Anesthesiology. 2020 Dec 1;133(6):1223-1233. doi: 10.1097/ALN.0000000000003568.
Dexmedetomidine is only approved for use in humans as an intravenous medication. An oral formulation may broaden the use and benefits of dexmedetomidine to numerous care settings. The authors hypothesized that oral dexmedetomidine (300 mcg to 700 mcg) would result in plasma concentrations consistent with sedation while maintaining hemodynamic stability.
The authors performed a single-site, open-label, phase I dose-escalation study of a solid oral dosage formulation of dexmedetomidine in healthy volunteers (n = 5, 300 mcg; followed by n = 5, 500 mcg; followed by n = 5, 700 mcg). The primary study outcome was hemodynamic stability defined as lack of hypertension, hypotension, or bradycardia. The authors assessed this outcome by analyzing raw hemodynamic data. Plasma dexmedetomidine concentrations were determined by liquid chromatograph-tandem mass spectrometry. Nonlinear mixed effect models were used for pharmacokinetic and pharmacodynamic analyses.

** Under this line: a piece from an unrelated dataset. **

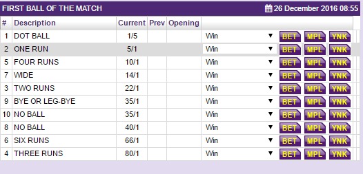 In the match earlier between Perth Scorchers and Sydney Sixers a bet was placed for the 1st ball of the match to be 4 runs.

Oral dexmedetomidine was associated with plasma concentration-dependent decreases in heart rate and mean arterial pressure. All but one subject in the 500-mcg group met our criteria for hemodynamic stability. The plasma concentration profile was adequately described by a 2-compartment, weight allometric, first-order absorption, first-order elimination pharmacokinetic model. The standardized estimated parameters for an individual of 70 kg was V1 = 35.6 [95% CI, 23.8 to 52.8] l; V2 = 54.7 [34.2 to 81.7] l; CL = 0.56 [0.49 to 0.64] l/min; and F = 7.2 [4.7 to 14.4]%. Linear models with effect sites adequately described the decreases in mean arterial pressure and heart rate associated with oral dexmedetomidine administration. However, only the 700-mcg group reached plasma concentrations that have previously been associated with sedation (>0.2 ng/ml).

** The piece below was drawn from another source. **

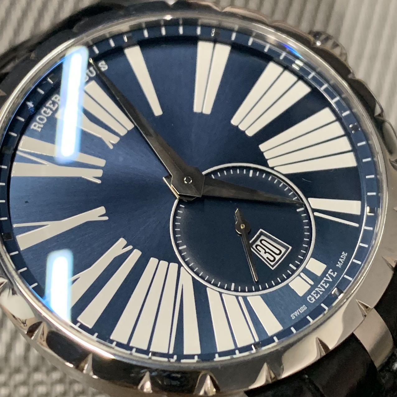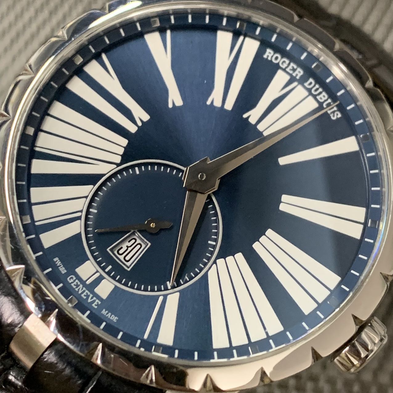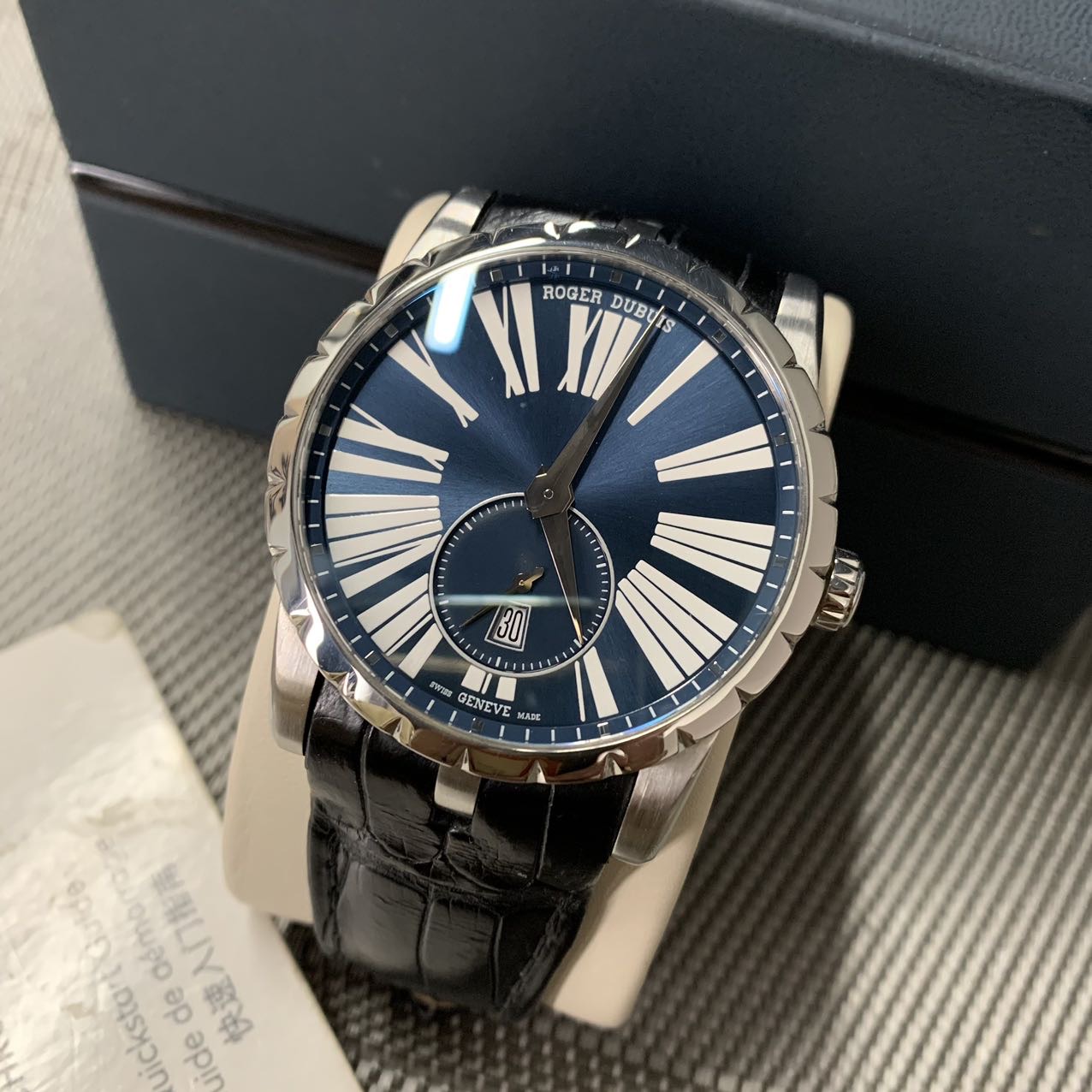 罗杰杜彼 王者系列机械男表,公价10.8万,表径42mm,单表 极品成色97新,质感放射纹蓝面,大气罗马刻度,独立秒针设计 搭载自产RD830机芯,K金陀,携刻日内瓦印记。

Oral administration of dexmedetomidine in doses between 300 and 700 mcg was associated with decreases in heart rate and mean arterial pressure. Despite low oral absorption, the 700-mcg dose scheme reached clinically relevant concentrations for possible use as a sleep-enhancing medication.
右美托咪定仅被批准作为静脉内药物用于人类。口服制剂可能会将右美托咪定的用途和益处扩展到众多治疗环境中。作者假设口服右美托咪定(300 mcg 至 700 mcg)将导致与镇静相关的血浆浓度,同时保持血流动力学稳定。

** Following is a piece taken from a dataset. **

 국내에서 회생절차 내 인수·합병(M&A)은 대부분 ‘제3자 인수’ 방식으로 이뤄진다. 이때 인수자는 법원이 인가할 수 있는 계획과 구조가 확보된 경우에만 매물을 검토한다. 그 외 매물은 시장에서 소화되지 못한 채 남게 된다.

作者对健康志愿者进行了一项单中心、开放标签、I 期剂量递增研究,研究了右美托咪定的固体口服剂型(n = 5,300 mcg;随后 n = 5,500 mcg;随后 n = 5,700 mcg)。主要研究结果是血流动力学稳定性定义为无高血压、低血压或心动过缓。作者通过分析原始血流动力学数据来评估此结果。通过液质联用仪测定血浆右美托咪定浓度。采用非线性混合效应模型进行药代动力学和药效动力学分析。
口服右美托咪定与心率和平均动脉压的血浆浓度依赖性降低相关。500 mcg 组中除 1 例患者外,其余患者均符合我们的血流动力学稳定性标准。血浆浓度曲线通过 2 室、体重比例、一级吸收、一级消除药代动力学模型得到了很好的描述。70 公斤个体的标准化估计参数为 V1 = 35.6 [95%CI,23.8 至 52.8] l;V2 = 54.7 [34.2 至 81.7] l;CL = 0.56 [0.49 至 0.64] l/min;和 F = 7.2 [4.7 至 14.4]%。具有效应部位的线性模型充分描述了口服右美托咪定给药与平均动脉压和心率降低相关。然而,只有 700 mcg 组达到了先前与镇静相关的血浆浓度(>0.2 ng/ml)。
口服 300 mcg 至 700 mcg 剂量的右美托咪定与心率和平均动脉压降低相关。尽管口服吸收低,但 700 mcg 剂量方案达到了可能用作增强睡眠药物的临床相关浓度。